With 15 central banks cutting interest rates this year alone, the world is in the midst of a currency war that has seen the dollar reach multi-year highs against a range of currencies in recent weeks.
This has sparked volatility that can continue to roil financial markets worldwide. "At this point, FX volatility has become the prime driver in global volatility," says David Woo, head of global currency research at Bank of America Merrill Lynch, according to
CNBC.
Indeed, according to BofA's calculations, currency volatility has hit a 20-year high for non-crisis periods. "You cannot make any investment decisions without actually understanding which way the dollar is heading," Woo says.
So the currency war rages on. "If everyone's playing this game you have no choice but to play it, because otherwise you get left behind," he explains. "We call it war because it's a zero sum game. Somebody wins, and somebody else loses."
The dollar will likely continue to rise as the European Central Bank and Bank of Japan pursue major stimulus programs.
"If China decides to play the same game, it will be a disaster because commodity prices are going to crash because China consumes 40 percent of the world's basic commodities," Woo explains.
"And then you're going to trigger a competitive devaluation around the world.
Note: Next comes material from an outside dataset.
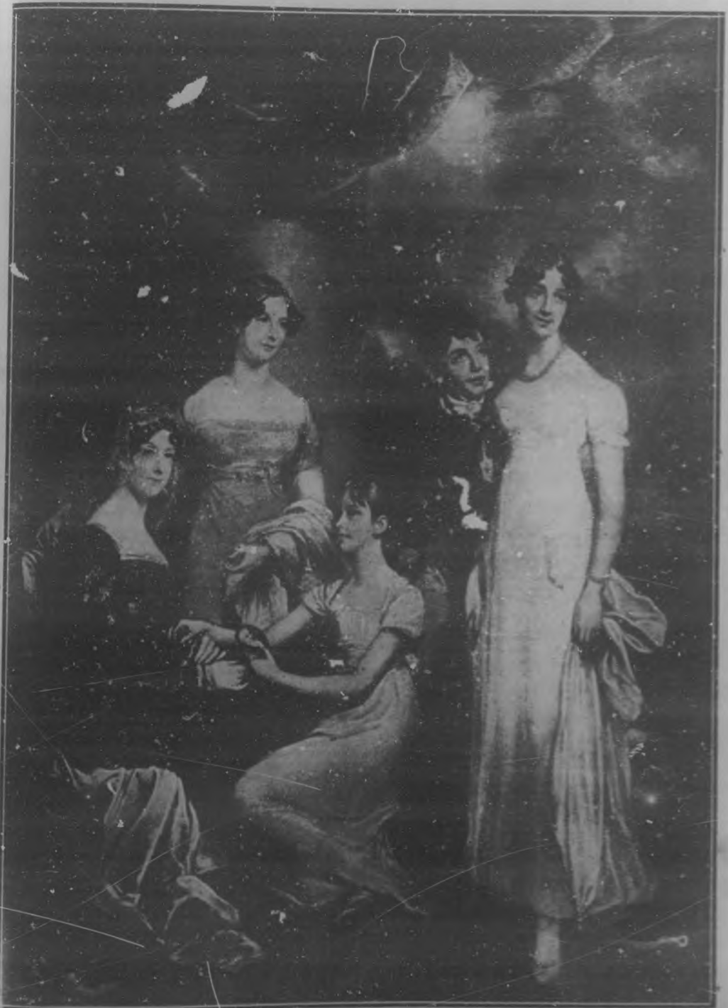
LA MUJER QUE BYRON AMÓ FERVOROSAMENTE Con motivo del centenario de la muerte de Lord Byron, se ha publicado en Inglaterra el cuadro que arriba reproducimos, en el que junto a su madre y hermanos, aparece—en la extrema derecha—Lady Frances Wedderburn, bella dama inglesa que Byron amó fervorosamente.

Se publica todos los viernes con excepción, naturalmente, de los días feriados. Se vende en todas las librerías nacionales y extranjeras. Cable: "Bohemia". Telégrafo: Bohemia. Año: 1916 Redacción, Administración y Talleres: Edificio de BOHEMIA, Avenida Arca (antes Teófilo de los Andes) No. 21 y 23. Teléfono: 1100. M-3321; Administración, A-918.

The 10-year yield is going to go to 1.25 percent if China wants to devalue [its currency] 10 percent."
Others agree. "This is a multi-year dollar rally, and we're at the start of it," Stephen Jen, co-founder of investment firm SLJ Macro Partners, tells
The Wall Street Journal.
So the war probably won't end soon.
"These problems [of sluggish economic growth] have expressed themselves in a reliance in countries either maintaining cheap currencies or allowing them to depreciate," George Magnus, former chief economist at UBS, tells
The Journal.
"This is a phenomenon that will likely stay with us for some time."